My first encounter with wild garlic was about 30 years ago when I was asked to taste one of the green shoots with the white stem.

Of course, I had to try a few more. By the time I got back in to Castlebar, I stank of garlic.

I was told if you put a shoot in your shoe after a short period you will smell the garlic off your breath. I tried it out, and it’s true.

Cookery expert Georgina Campbell says both the long spear-shaped leaves and the white star-shaped flowers (April to May) are edible and feature on many a fashionable menu - fresh when in season, and preserved all year.
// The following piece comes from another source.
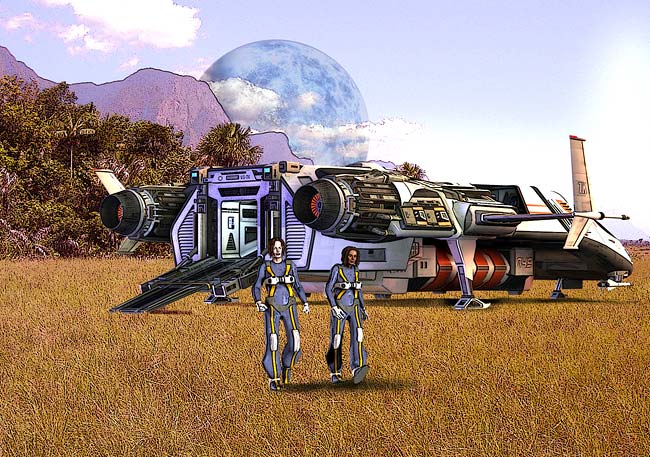In the role playing game Stars Without Number, players explore alien landscapes and outfit themselves with gear befitting a space adventurer. The game blasts its way into the Yellow Springs Library every second Thursday, from 4 to 5:30 p.m. (earthtime). (“Landfall,” Illustration by David Reddington, from the game)

Thanks to its pungent smell and abundance, wild garlic is one of the easiest wild foods to harvest, and one of the simplest to use.

The flavour is less overpowering than the pungent aroma suggests, and it can be used in salads, notably the young leaves can be chopped and used as a substitute for chives.
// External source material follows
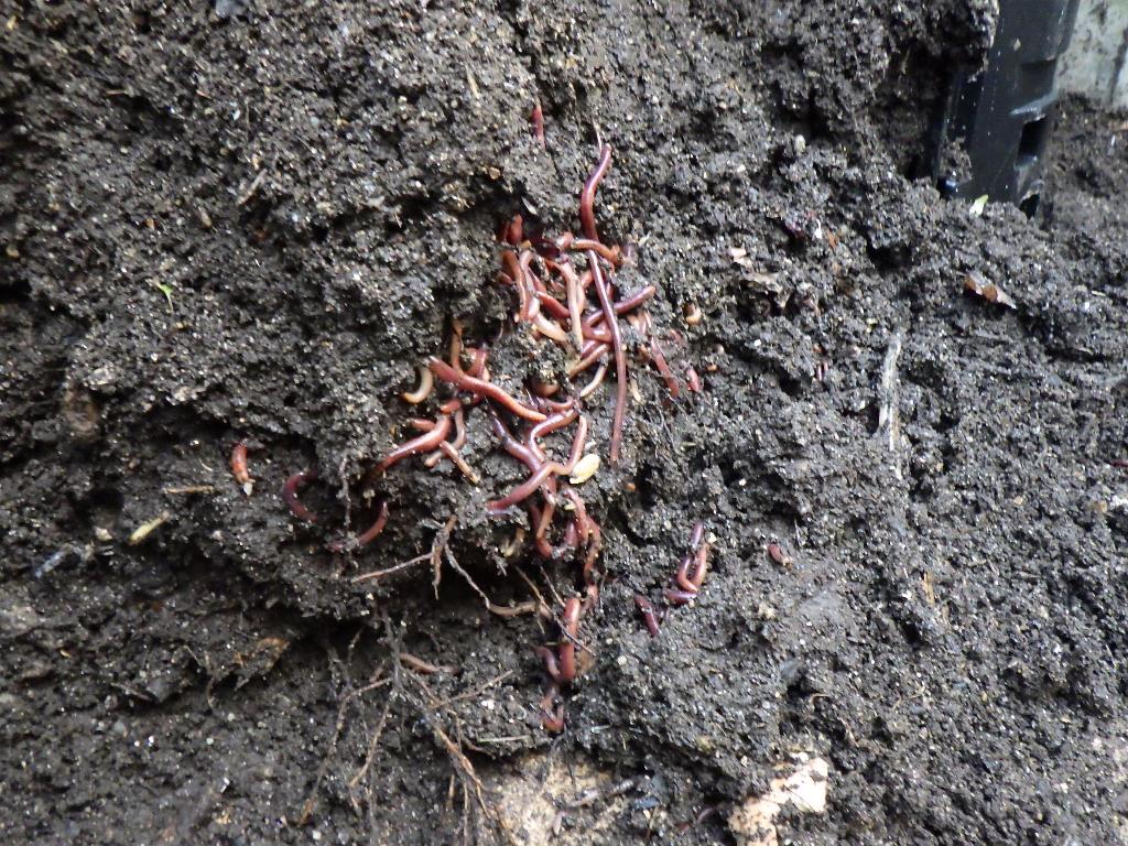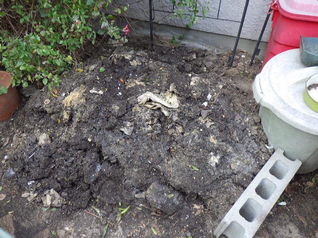 ほぼ堆肥化した「ミミズ塚」をコンポスト化します。

Like other members of the onion and garlic family, wild garlic leaves have a useful affinity with tomatoes - perhaps better even than the ubiquitous and strongly flavoured basil.

While this free food is a wonderful countryside resource in spring, gardeners need to be wary of wild garlic - ‘prolific’ and ‘carpeting’ are the danger words, and it can become a serious weed in a small garden where it may arrive uninvited. Although you may at first be delighted to have it, the tiny bulbils spread like wildfire and it can very quickly become a problem.

The leaves can be used raw in salads, baked into scones and breads, sautéed in butter or whizzed into a pesto. The blossoms are a beautiful garnish for soups.

There are several ways to preserve a large harvest of leaves.

A pesto can be frozen for several months.

Fill an ice cube tray with chopped leaves and oil, freeze, pop out the cubes and store in plastic bags or other containers. The frozen oil cubes can be added directly to a saute pan or pot of soup.

Dry the leaves in a food dehydrator or very low oven (70 C) until brittle. Store in airtight containers.

I have garlic oil by adding the washed leaves to a good quality oil.

When picking your wild garlic, be sure to only pick healthy, undamaged specimens and give them a good wash before using.

A good pair of kitchen scissors used to snip the garlic off at the base are the best. Ideally you should harvest garlic away from traffic and pollution for cleaner plants.

Check that it is wild garlic by using the smell test: it is unmistakable.